Another Sportwagen plus is plenty of headroom — in both rows — a trait it shares with the Golf and crossover SUVs.

The Sportwagen has a bit more headroom than the Golf, surprising given its visually sleeker-looking profile. You get 38.6 inches in front and back; in the Golf, you get 38.4 inches up front and 38.1 inches in the back.

There is a bit less backseat legroom in the VW than in some compact crossovers (including the Tiguan), but the difference is slight — 35.6 inches vs. 36.5 inches vs. the Tiggy — and as it turns out, the Sportwagen’s got more legroom up front: 41.2 inches vs. 40.2 inches.


The new 1.4-liter engine comes standard with an awesome auto-stop/start system like those almost new cars also have — which means the engine shuts itself off every time the vehicle stops, then automatically restarts when the driver takes his foot off the brake pedal. This is supposed to save gas and may — a little bit.
But it also makes the starter battery work harder (re-starting the engine a dozen times every day instead of just twice or so each day) and that will probably mean replacing it sooner, which may mean spending more money on the overall net.

The Sportwagen also has some pleasantly anachronistic features — including a manual (pull-up) emergency brake lever and (in S trims) a physical ignition key.

A large and growing number of new cars have an electrically-activated parking brake. It frees up space on the center console to get rid of the manual pull-up emergency brake lever, but you lose the ability to stop the car in a controlled manner in an emergency if the main brakes (or the electrical system) fail. Also, the pull-up emergency brake is mechanical and simpler than an electrically-activated parking brake. If it ever breaks, it will probably be easier and cost less to fix.

Same goes for the VW’s standard old-school ignition key. You will never have to worry about not being able to start the car because the battery in the fob died or the circuitry in the fob fritzed. Physical keys are also easier to make cheap copies.

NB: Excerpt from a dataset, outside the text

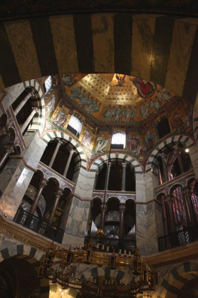 ベルギー国境に近いアーヘンの街の世界遺産である大聖堂は、そもそもカール大帝が建立した王宮礼拝堂である聖マリア教会が基礎となっていて、その後にゴシック調の建物が増築されたことで現在のような複雑な形の建物になったそうです。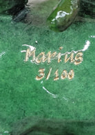 Signed and numbered by the artist Marius, this sculpture is a true collector's item, offering both authenticity and exclusivity. The use of green and black enamel enhances the sculpture's visual appeal, adding depth and contrast to the frog's intricate features. The vibrant colors create a striking contrast against the rich bronze backdrop, capturing the eye and inviting closer inspection.

Keyless ignition fobs often aren’t.

If you prefer to push a button, VW lets you do that, too. Keyless ignition is available optionally.

VW may or may not offer the full LCD gauge cluster it’s putting into other ’19s, including the Passat and Jetta. Given that the Sportwagen is supposed to be the sensible wagon, they may not.

It also explains the sensible standard 15-inch wheels. Upgrade, if you like — but you’re not forced to ride around on harsh-riding, short-sidewall tires that make more noise, don’t last as long and cost more to replace.


A 50 MPG-capable diesel would have made this car almost irresistible. But it’s still a very appealing package, even without it.